#### [YOUR OBJECTIVE]
Only the stretch below from the line holding "规定时间到,比赛随即进入第二" through the line holding "黄河流域防洪减灾体系不断完善" should be restated, word for word and with both ends included; pictures stay out.

#### [Saved data entries]
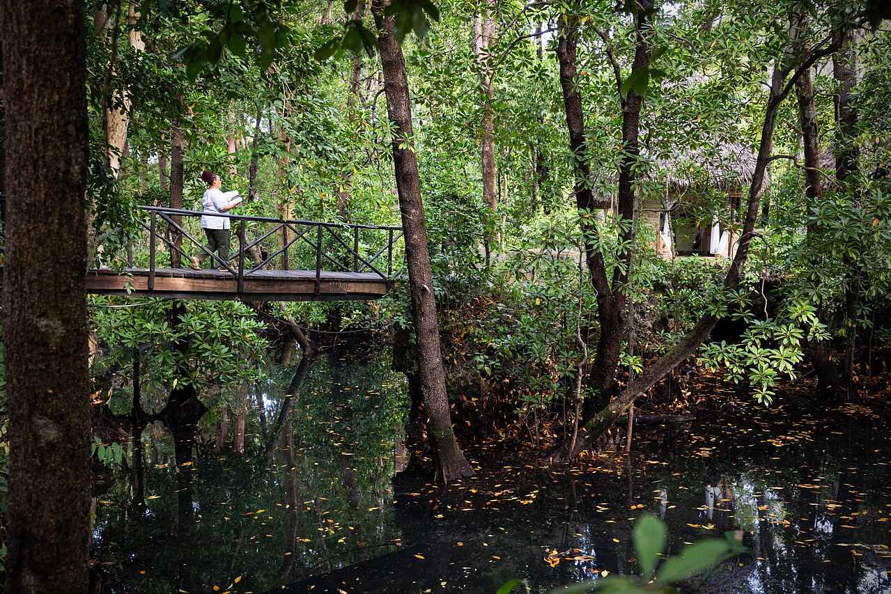 Das Resort bietet ein vielfältiges Aktivitätenprogramm an Land und im Wasser. Gäste haben die Möglichkeit, im nahegelegenen Korallenriff zu tauchen oder zu schnorcheln und so die faszinierende Unterwasserwelt des Indischen Ozeans zu entdecken. Kajakfahren, Stand-up-Paddling und Bootsfahrten zählen ebenfalls zu den beliebten Wassersportarten. Naturführungen durch den Mangrovenwald, Vogelbeobachtungen und Inselspaziergänge ermöglichen einen Einblick in die heimische Flora und Fauna. Wellness-Liebhaber können sich im Spa verwöhnen lassen, während Abenteurer beim Tiefseefischen auf ihre Kosten kommen.
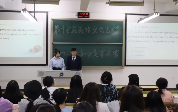 规定时间到,比赛随即进入第二个环节——“翻译”大家运用直接丰富的学识,在英文与中文中巧妙变换,于灵活变通中传承二十大精神,以崭新的方式表达二十大的韵味。
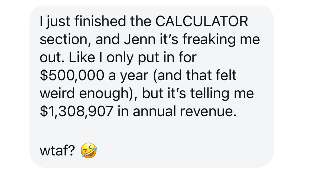 Enter your real data and see, instantly, how different offers change your income; whether that’s $50K, $250K, or $1M. Most people say, “Oh… that makes so much sense.” Some cry. All feel relief.
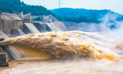 黄河流域防洪减灾体系不断完善,截至2023年汛前,小浪底水利枢纽参与27次调水调沙,下游主河槽高度平均下降3.1米。图为小浪底水库泄洪。苗秋闹摄(影像中国)
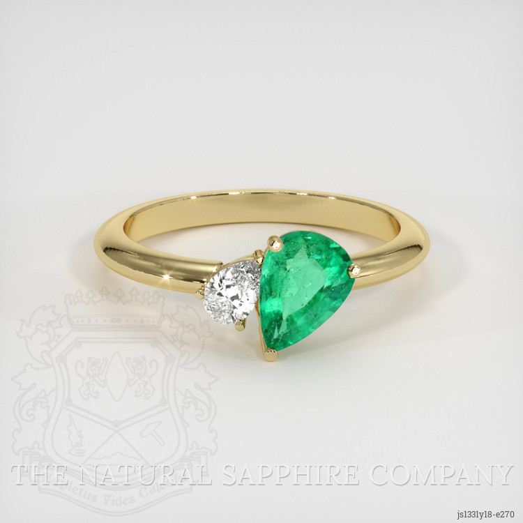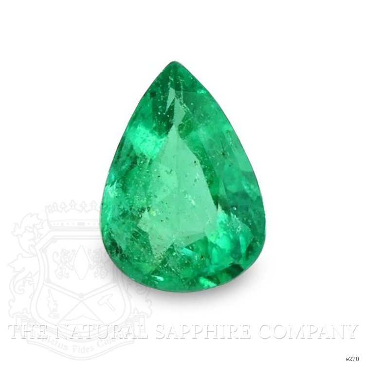 The ring features a beautiful, transparent 0.51 carat pear shape green emerald with the dimensions of 6.96 x 4.96 x 2.77 mm and a mixed brilliant cut. It has a clarity grade of slightly included (evaluated at eye level), light color saturation, and an excellent polish. The origin of this emerald is Zambia.
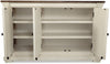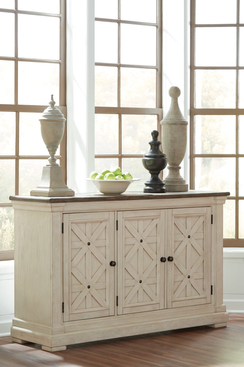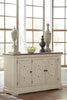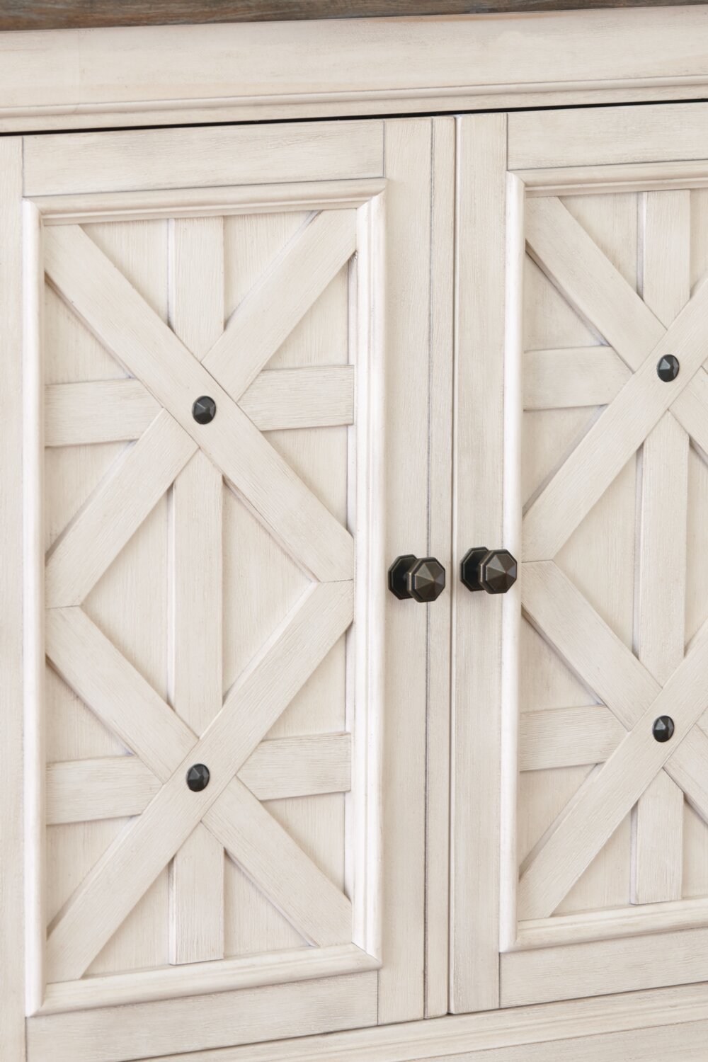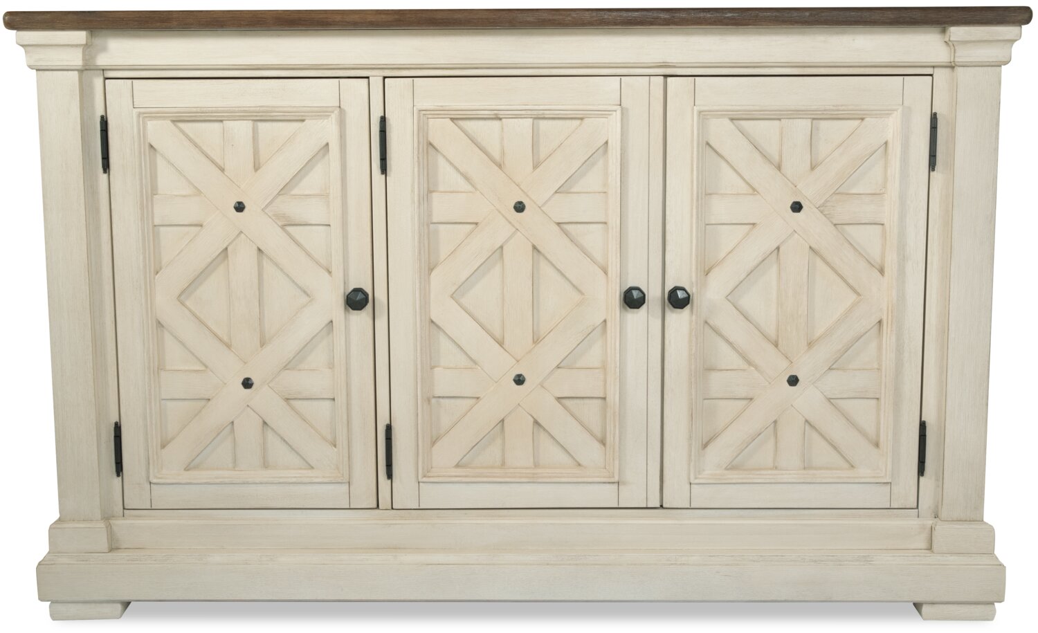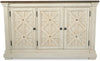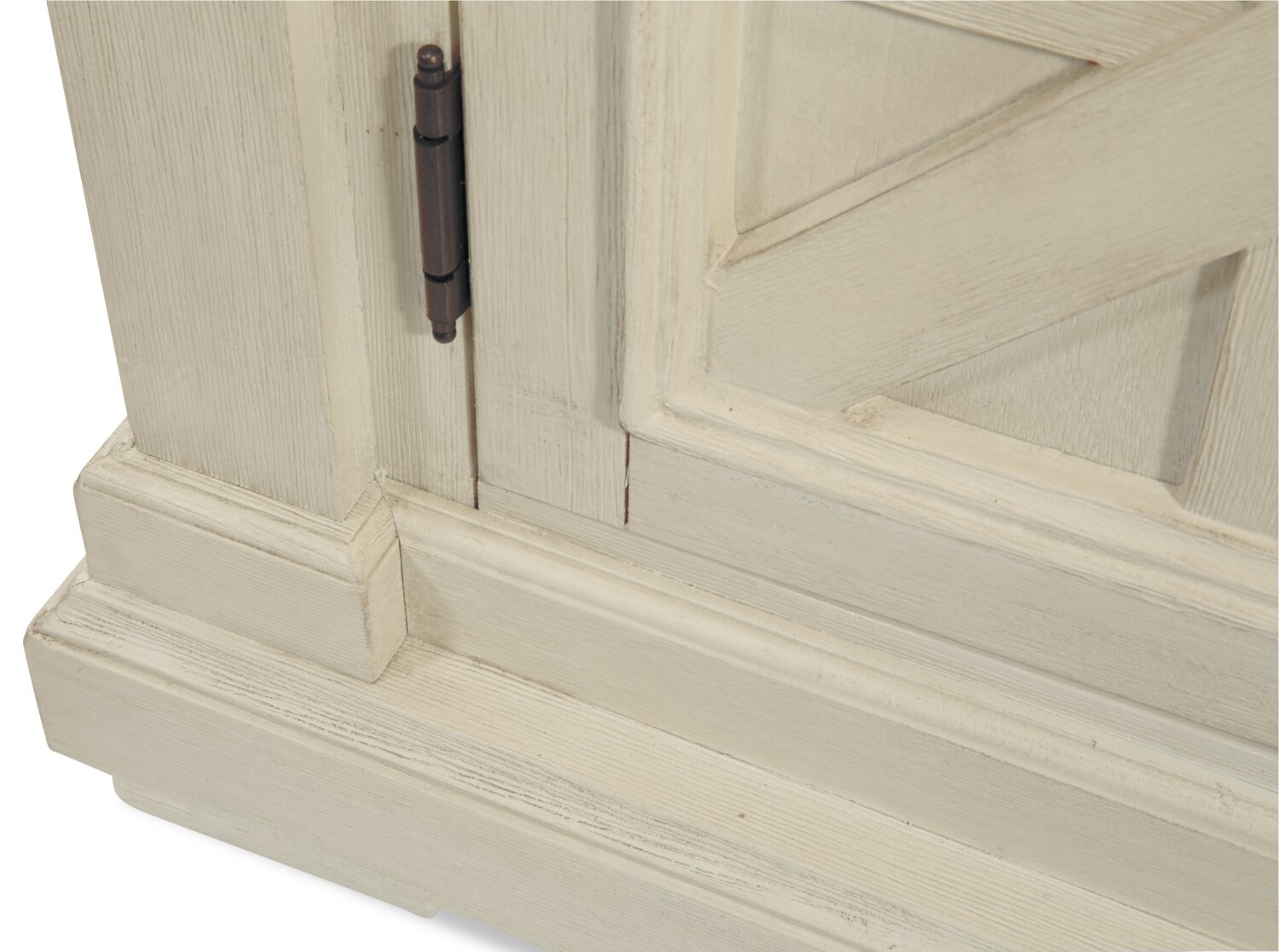 Add vintage farmhouse style to tonight’s dinner with this stunning Ilsa server. A solid Asian hardwood frame is topped with oak and acacia woods for an eye-catching, two-toned design. Delicate daisy-patterned latticework on the front panels adds a gentle touch of traditional country charm. Open up the cabinet doors to reveal four open shelves inside – easily adjustable to fit anything from the largest of pans to the most delicate of china. With a chic antique white finish, this server will make dinner a meal to remember. Bon appétit.
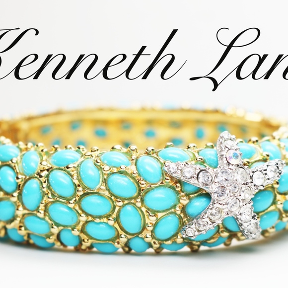 We present one of his most exquisite pieces with detailed prongs forming glimpses of glittering gold against Caribbean blue lacquered cabochons and finished off, like a piece of art, with a bright, dazzling pave crystals encrusted in a silver starfish. This piece is signed KJL, measures 7"L x 7/8"W, weighs 2.1 oz. and has a spring hinge clasp. This bracelet is in excellent vintage condition and would make a beautiful gift for collectors.#HamptonJewelry #KennethLane
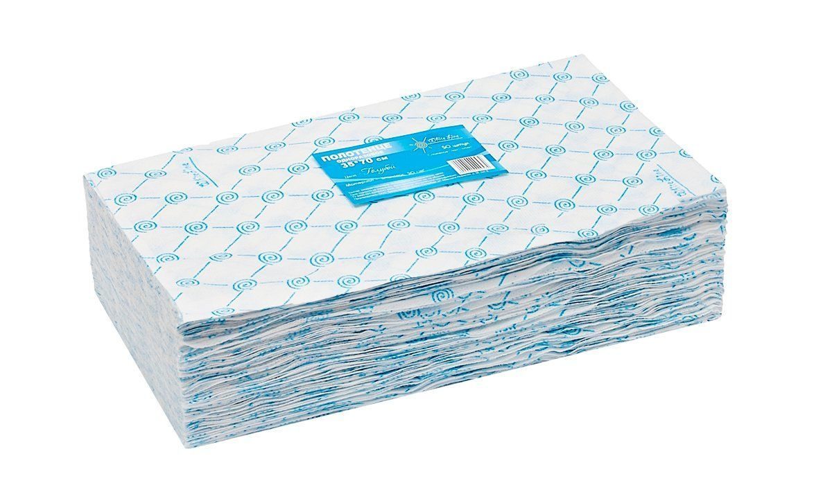 Полотенце малое Вайт Лайн голубое спайленс пачка 35*70 50шт/уп
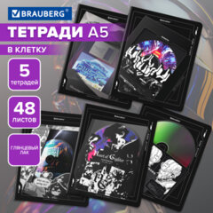 Тетради ДЭК А5 48 л. КОМПЛЕКТ 5 шт. BRAUBERG, скоба, клетка, глянцевый лак, «GAMES», 404933
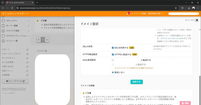 さくらのVPSの時同様にサブドメインを発行しました。ただし、今回はもう1手間加えます。HTTPS対応です。
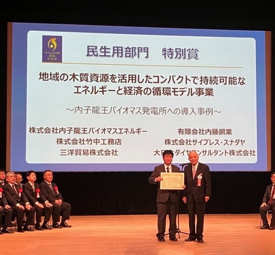 三洋貿易株式会社(本社:東京都千代田区、代表取締役社長:新谷正伸、以下「三洋貿易」)が、事業者のひとつとして参画している「内子龍王バイオマス発電所」が、「コージェネ大賞2024民生用部門特別賞」を受賞しました。
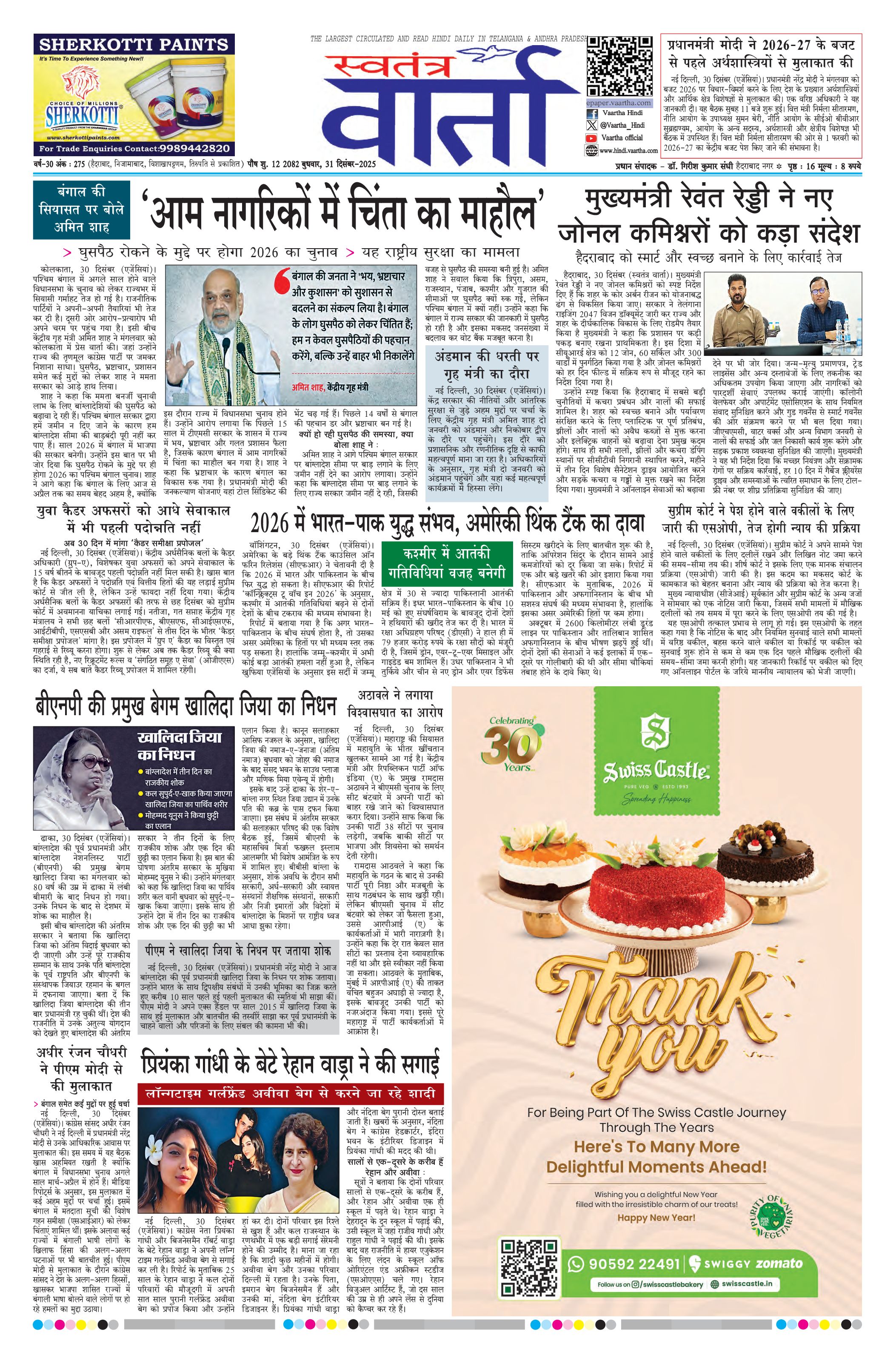 Swatantra Vaartha - 31 Dec 2025 - - Page 1

#### [ANSWER TO THIS PROBLEM]
 规定时间到,比赛随即进入第二个环节——“翻译”大家运用直接丰富的学识,在英文与中文中巧妙变换,于灵活变通中传承二十大精神,以崭新的方式表达二十大的韵味。
 Enter your real data and see, instantly, how different offers change your income; whether that’s $50K, $250K, or $1M. Most people say, “Oh… that makes so much sense.” Some cry. All feel relief.
 黄河流域防洪减灾体系不断完善,截至2023年汛前,小浪底水利枢纽参与27次调水调沙,下游主河槽高度平均下降3.1米。图为小浪底水库泄洪。苗秋闹摄(影像中国)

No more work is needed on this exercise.